08

Your CX team

7 min read

The importance of having a customer experience team

We have talked about the importance of having a customer experience strategy backed by the right technology. But what about the people? Who you need will depend on the size of your business.

In smaller firms, the business owner (often aided by marketing) typically drives and owns the project. In larger companies, the CX team may consist of 4-5 specialists, with ‘CX’ or ‘CRM’ incorporated into their marketing/operations/sales title to mark the extension of their job role. At enterprise level, you’re more likely to find a Head of Customer Experience or Chief Experience Officer, with many different reports.

When it comes to CX, it makes sense to engage a multidisciplinary team, as it is a combined input across the business that is needed to bring it to life. Whether you give people formal titles or not is up to you, but certainly using these will add weight to your vision to be customer-centric.

What about marketing?

Marketing teams are going through a strange phase where they are called on both from a traditional perspective (more leads please) as well as to add value to the customer experience. CX/CRM teams now sit at board level and are actively informing each move a company makes as they have such a comprehensive understanding of the customer. In a sense, CX exists less as a branch of a marketing team and more as a separate department in its own right. This department’s role is to underpin everything else and move the business forward.

However, we argue that marketing should have a seat at the CX table, and potentially lead the whole strategy. Of course, that’s a big ask of any individual or team. CMOs and even Marketing Managers may feel they’ve been left holding the MD’s baby, with only a slender budget to make it happen.

Building your dream CX team

As we’ll cover in the next chapter around tech, CX projects should not happen in isolated silos (so, no more ‘handing it to marketing’), but be a joined-up effort. Marketers have a host of value to add as we will see below, but even they need help to set the vision, scope it out and implement the project – and that’s where an external partner comes in.

Regardless of marketing’s involvement, it makes sense to create a CX team with people who have skills in the following areas:

The 6 key people to have in your CX team:

  • Leader – business owner, CMO, Director of Customer Experience: anyone with the gravitas to lead on the project – could also be externally appointed on a contract basis.
  • CRM Manager – managing the day-to-day delivery of customer experience
  • Coordinator – supports the CX project leader, working across the different departments and teams.
  • Data analysts – responsibilities include setting and measuring KPIs, identifying trends and capturing customer metrics, as well as connecting datasets together if necessary.
  • Journey mapper – builds out the buyer and customer journeys into visual formats so they are clear for the group to view, understand and analyse.
  • Design – capable of building out what’s needed at the various touchpoints into prototypes; could be anything from a digital portal/hub to a Point of Sale unit.
  • Communications – conveys the need for the project, explaining its importance both internally and externally.
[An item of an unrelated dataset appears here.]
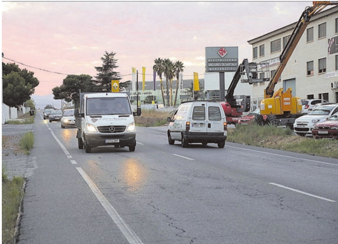
Una de les iniciatives més destacades per la seua necessitat és la reforma del vial que connecta amb Onda.

Why marketing specialists are naturals at CX delivery

All of these roles could be carried out by a member of the marketing team. We are already adept at gathering customer data and using it to target our buyers. Our ability to guide the buyer around a website to complete a form helps inform the digital piece. We ‘get’ automation, having created and mapped thousands of digital user journeys and dynamic lists. Our content and comms skills are also a given.

But – marketing can’t do it alone

Despite your natural skill set, it’s critical to create a team that represents a rounded view of the customer. Ops, Sales, Finance, HR, Customer Service – all departments have different experiences with the customer and, despite what they say, no one team knows the customer best. When you build a dream CX team, you get the combined experiences to inform everything from product launches to events, soft releases and more.

Invest in time

Bringing in a partner adds an extra layer of knowledge gained from clear-sighted experiences of delivering best in class CX projects. Internally, your CX team needs leadership, hard data and, importantly, time and space. Giving people a proper break from daily schedules to invest in design thinking is essential if you as a business are going to come up with genuine ways to improve the customer experience.